Unagi, Onsen egg, fish image.
Image by CohesionSingapore from Pixabay
June 5, 2023 – LOS ANGELES – A Pomona man and his wholesale food company pleaded guilty in federal court to attempting to smuggle Chinese frozen broiled eel for human consumption that had previously been denied entry into the United States. , announced today the federal authorities.
Kevin Sheng Hsiang Fang, 41, and Fang Industry City-based food wholesale business Yong Chang Trading Co., Ltd. (doing the business name Heng Xing Foods, Inc.), pleaded guilty. on May 31, one count of contraband and one count of introducing adulterated food into interstate commerce.
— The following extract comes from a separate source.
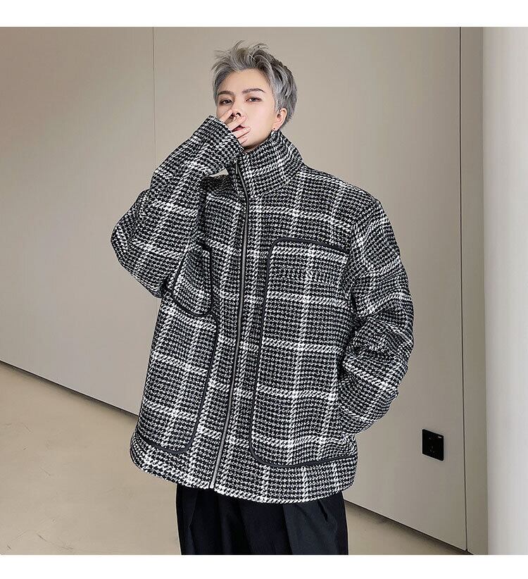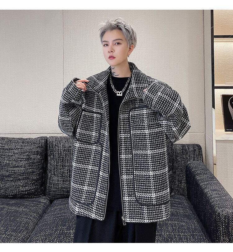 病みカッコイイ メンズファッション ストリートファッション ヒップホップ 個性的 裏原 オータムウィンタースタンドカラーカラージャケット ルーズ格子柄 ストリート 秋物 冬物 ポケット多め マルチポケット ✝ おしゃれ メンズ 78908749172

Fang was a high-volume importer of Chinese frozen grilled eel, commonly known as unagi. The criminal case stems from a shipment of imported Chinese frozen grilled eel from Fang that was tested by the Food and Drug Administration (FDA) and found to be unsafe for human consumption, prompting the FDA to reject its entry to the United States. Fang admitted that he knowingly re-imported the previously rejected Chinese frozen grilled eel, using new input information and mixing it with other eels to evade detection.
When he pleaded guilty, Fang admitted that the frozen Chinese grilled eel he tried to import and distribute was adulterated with gentian violet, leukogen violet and malachite green, new drugs that are unsafe for animals. The use of these antibiotics or chemicals during various stages of farmed aquaculture feeds may result in the presence of residues of the parent compound or its metabolites in the edible portion of farmed seafood. The presence of antibiotic residues may contribute to an increase in antimicrobial resistance in human pathogens, according to an FDA alert. Additionally, prolonged exposure to malachite green and gentian violet have been shown to have a carcinogenic effect.
The FDA, in partnership with the US Customs and Border Protection (CBP), acts as the first line of defense for the supply chain of seafood imported from the United States and uses import alerts for aquaculture farmed seafood from countries around the world. Seafood and fish are temporarily held on FDA holds to prevent the introduction of contaminated food products into commerce. FDA contacts importers to inform them of the hold with a hold notice and awaits the results of sample tests to establish that a seafood product is not in violation. The regulatory framework prevents the entry and distribution of potentially infringing or unsafe seafood to customers in the United States, and serves to protect the integrity and safety of the seafood supply chain imported for human consumption.
“Federal laws prohibiting the smuggling of certain food products are intended to protect consumers from health hazards,” said US Attorney Martin Estrada. “We are committed to working with our law enforcement partners to protect the American people from such public health dangers and ensure the safety of our food supply.”
“Today’s announcement serves as a reminder that food importers have a critical responsibility to sell food that is safe for American consumers,” said Special Agent in Charge Robert M. Iwanicki of the FDA’s Office of Criminal Investigations. , Los Angeles Field Office. “We will continue to pursue and bring to justice those who put public health at risk by distributing adulterated food into the US marketplace.”
“This individual showed complete disregard for the health and safety of the American consumer by knowingly bringing contaminated products to market,” said Eddy Wang, acting special agent in charge of Homeland Security Investigations (HSI) in Los Angeles. “Thanks to the professionalism and dedication of various partner agencies, this criminal activity has been stopped.”
“The outcome of this investigation to detect and prevent illegal trade in wildlife species was made possible through the diligent work, dedication and collaboration between all law enforcement agencies involved,” said Special Agent in Charge Manisa Kung of the Fisheries Service. and US Wildlife, Office of Law Enforcement, Southwest Pacific Region.
Fang is scheduled to be sentenced on August 14 by United States District Judge Percy Anderson. As a result of his guilty plea, Fang will face a maximum statutory sentence of 21 years in federal prison.
This case was investigated by the FDA, Office of Criminal Investigations; Homeland Security Investigations; and the US Fish and Wildlife Service.
Assistant US Attorney Amanda M. Bettinelli of the Environmental Crimes and Consumer Protection Section is prosecuting the case.